INSTRUCTIONS FOR THE TASK
Would you return exactly the lines below from the line with "Elgin Carriage clock" through the line with "양념 시래기+샤브 소고기(100g)+7가지", both included, and nothing else, leaving out the pictures?

[Records from a data collection]

*-*-*

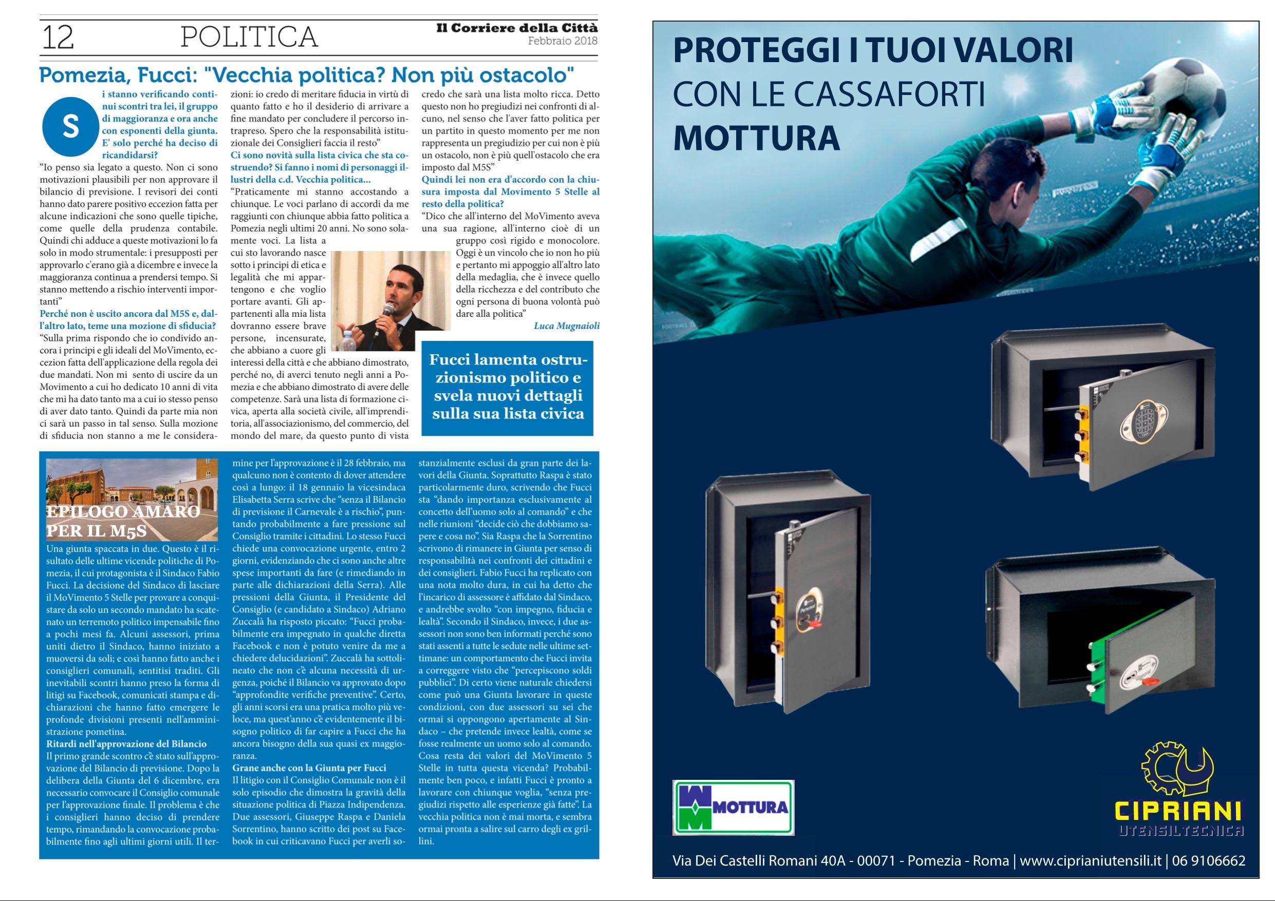 Del resto, meno di un mese fa, dichiarava al nostro giornale “che l’aver fatto politica con i partiti non rappresentava più un ostacolo” e che tale dogma “era un’imposizione dettata dal Movimento che forse in quel contesto aveva anche senso ma che ora – per Fucci – non lo ha più”. Vi basta?
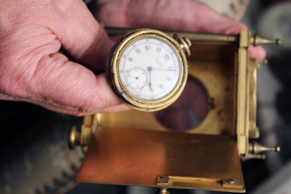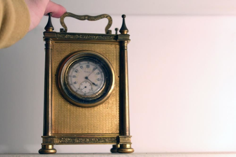 Elgin Carriage clock with bronze case. Can be removed to double as a pocket watch.
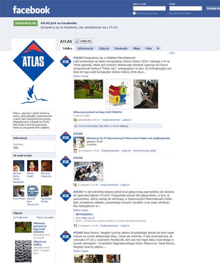 Atlasowe facebookowe konto to źródło informacji i ciekawostek z życia firmy i jej ludzi, doprawione fotkami i filmami.To także miejsce spotkań znajomych i przyjaciół firmy i marki, obecnych i przyszłych. Źródło: Atlas
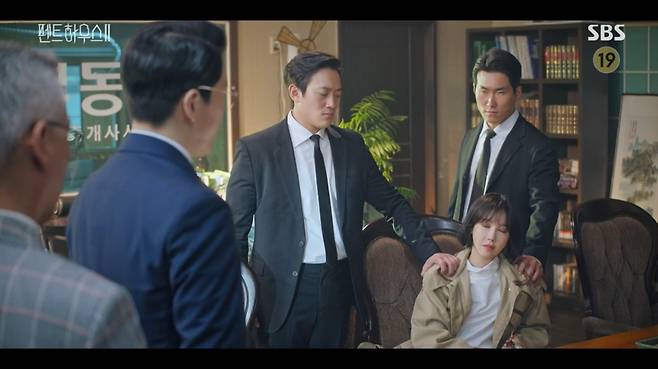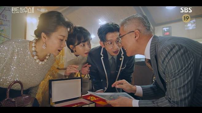천서진은 입 다물고 주단태의 지시에 따랐다. 석훈이와 석경이가 "이제 집에서 밥 안 먹는다"면서 먼저 자리를 뜨자 단태는 짜증을 냈다. 하지만 서진은 고분고분하게 딸을 위해 희생하는 엄마의 모습을 연기했다. 천수지구 개발 정보를 미리 입수한 펜트하우스 사람들은 투기에 열을 올렸다. 이들에게 땅을 판 황금봉은 심수련의 사람이었다.
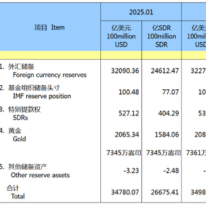 6月7日,国家外汇管理局统计数据显示,截至2025年5月末,我国外汇储备规模为32853亿美元,较4月末上升36亿美元,升幅为0.11%,已连续18个月稳定在3.2万亿美元以上。央行数据显示,5月末黄金储备为7383万盎司,环比增加6万盎司。
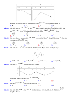 có cạnh đáy bằng và cạnh bên bằng . Thể tích của lăng trụ bằng. A. . B. . C. . D. . Câu 15. Cho hàm số
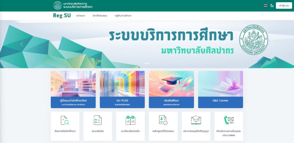 มหาวิทยาลัยศิลปากรพัฒนาระบบสารสนเทศเพื่อการจัดการศึกษาหรือ Reg SU เพื่อสนับสนุนการดำเนินงานด้านการบริหารจัดการข้อมูลนักศึกษา การลงทะเบียนเรียน การประเมินผล และการออกเอกสารทางการศึกษาในรูปแบบดิจิทัลอย่างครบวงจร ระบบดังกล่าวช่วยลดการใช้กระดาษและพลังงานจากการพิมพ์เอกสาร รวมถึงลดการเดินทางของนักศึกษาและบุคลากรในการติดต่อราชการ เนื่องจากสามารถดำเนินการผ่านระบบออนไลน์ได้ทุกที่ทุกเวลา ภายใต้แนวคิด “Anytime Anywhere” ส่งผลให้เกิดการใช้ทรัพยากรอย่างคุ้มค่า สนับสนุนแนวทางการจัดการพลังงานและสิ่งแวดล้อมอย่างยั่งยืนของมหาวิทยาลัย
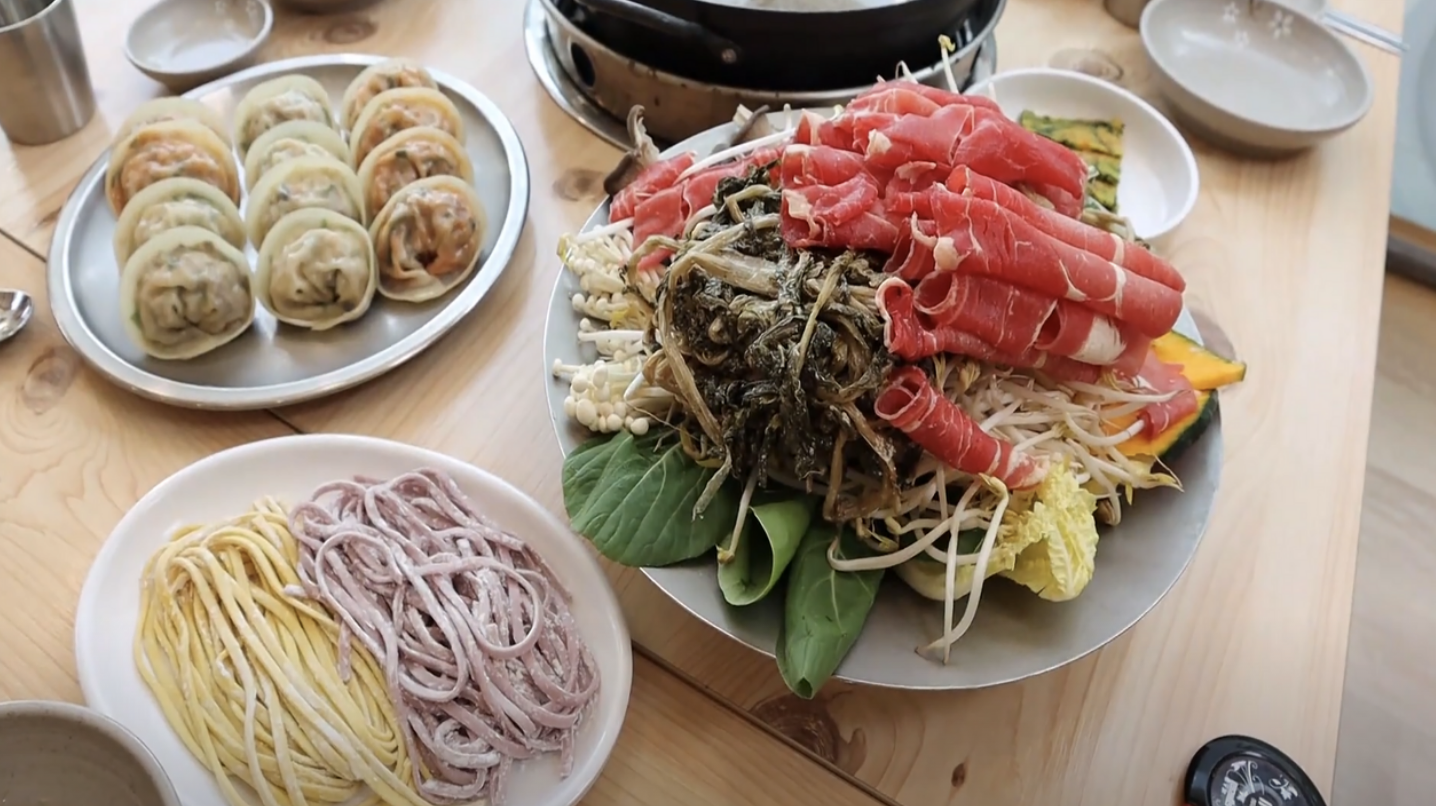 양념 시래기+샤브 소고기(100g)+7가지 샤브 채소+수제 손만두(김치만두 4개, 고기만두 4개)+직접 뽑은 칼국수(단호박, 자색고구마)+배추 겉절이+깍두기+샤브 소스
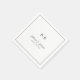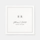 Chic white wedding table napkins featuring a simple black border, your initials, names in a elegant script font, and your wedding date.

*-*-*

SOLUTION FOR THIS TASK
 Elgin Carriage clock with bronze case. Can be removed to double as a pocket watch.
 Atlasowe facebookowe konto to źródło informacji i ciekawostek z życia firmy i jej ludzi, doprawione fotkami i filmami.To także miejsce spotkań znajomych i przyjaciół firmy i marki, obecnych i przyszłych. Źródło: Atlas
천서진은 입 다물고 주단태의 지시에 따랐다. 석훈이와 석경이가 "이제 집에서 밥 안 먹는다"면서 먼저 자리를 뜨자 단태는 짜증을 냈다. 하지만 서진은 고분고분하게 딸을 위해 희생하는 엄마의 모습을 연기했다. 천수지구 개발 정보를 미리 입수한 펜트하우스 사람들은 투기에 열을 올렸다. 이들에게 땅을 판 황금봉은 심수련의 사람이었다.
 6月7日,国家外汇管理局统计数据显示,截至2025年5月末,我国外汇储备规模为32853亿美元,较4月末上升36亿美元,升幅为0.11%,已连续18个月稳定在3.2万亿美元以上。央行数据显示,5月末黄金储备为7383万盎司,环比增加6万盎司。
 có cạnh đáy bằng và cạnh bên bằng . Thể tích của lăng trụ bằng. A. . B. . C. . D. . Câu 15. Cho hàm số
 มหาวิทยาลัยศิลปากรพัฒนาระบบสารสนเทศเพื่อการจัดการศึกษาหรือ Reg SU เพื่อสนับสนุนการดำเนินงานด้านการบริหารจัดการข้อมูลนักศึกษา การลงทะเบียนเรียน การประเมินผล และการออกเอกสารทางการศึกษาในรูปแบบดิจิทัลอย่างครบวงจร ระบบดังกล่าวช่วยลดการใช้กระดาษและพลังงานจากการพิมพ์เอกสาร รวมถึงลดการเดินทางของนักศึกษาและบุคลากรในการติดต่อราชการ เนื่องจากสามารถดำเนินการผ่านระบบออนไลน์ได้ทุกที่ทุกเวลา ภายใต้แนวคิด “Anytime Anywhere” ส่งผลให้เกิดการใช้ทรัพยากรอย่างคุ้มค่า สนับสนุนแนวทางการจัดการพลังงานและสิ่งแวดล้อมอย่างยั่งยืนของมหาวิทยาลัย
 양념 시래기+샤브 소고기(100g)+7가지 샤브 채소+수제 손만두(김치만두 4개, 고기만두 4개)+직접 뽑은 칼국수(단호박, 자색고구마)+배추 겉절이+깍두기+샤브 소스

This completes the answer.